A couplet from “Mine” – probably the most hypnotic song to surface in the big leak – compresses his lethal aura, his sexual ambition and a bling-dusted smile into one slippery, surreal image: “Wet diamonds in my mouth /If I kiss her, she drown.”

X.

He does earth, wind and fire, too. “I pull up and arson all over your garden” he raps on a “Slime Season” track called “Freaky,” offering his most evocative threat while transforming a noun into a verb.

This mischievous defiance courses through all of his music. He reshapes the vowels of certain words in order to make them rhyme. He relies heavily on oddly broken similes, replacing the word “like” with the word “no.” He brags about the sex he won’t have. He promises “no cussin,’ ” then explodes into streaks of profanity. When he raps about specific drugs, he might torque his voice to sound like he’s impervious to the effects of those very drugs. It’s all a strange, playful display of power: Young Thug will not follow the rules of logic, English, seduction or pharmacology.
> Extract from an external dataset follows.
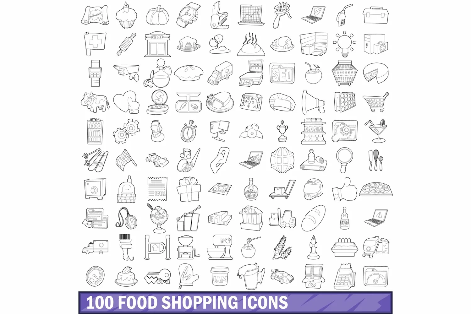 Illustration Line Thin Vector Outline Food Icons Collection Shop Retail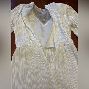 Vintage Ricki Lang for Nuit Silk Crinkle Pleated Midi Dress White Sz 6 Bling

Ultimately, he’s building metaphorical riddles out of encrypted slang – constructions that can disintegrate into non-linear nonsense, or twist themselves into pop songs, or both. The music’s cumulative thrill comes from being repeatedly plunged into a space between understanding and not understanding at all.

XI.

If there’s really no time like the present, why are so many listeners perpetually obsessed with futurity? We always seem to have our ears pointed toward something that hasn’t arrived yet, or something that may never show up, or something that we won’t understand until tomorrow anyway. It’s a problem. Committed listening isn’t a speculative exercise. We’re not placing any bets.

Which is why we should do everything we can to resist thinking of Young Thug as a futurist. Yes, he’s fantastically unique, but the music he’s making isn’t happening tomorrow. It’s happening right now. And it’s every bit as rich and complicated and gnarly and dazzling as right now, too.

We have no choice but to live in the present, but we still get to choose whether or not we’d like to listen to what it really sounds like.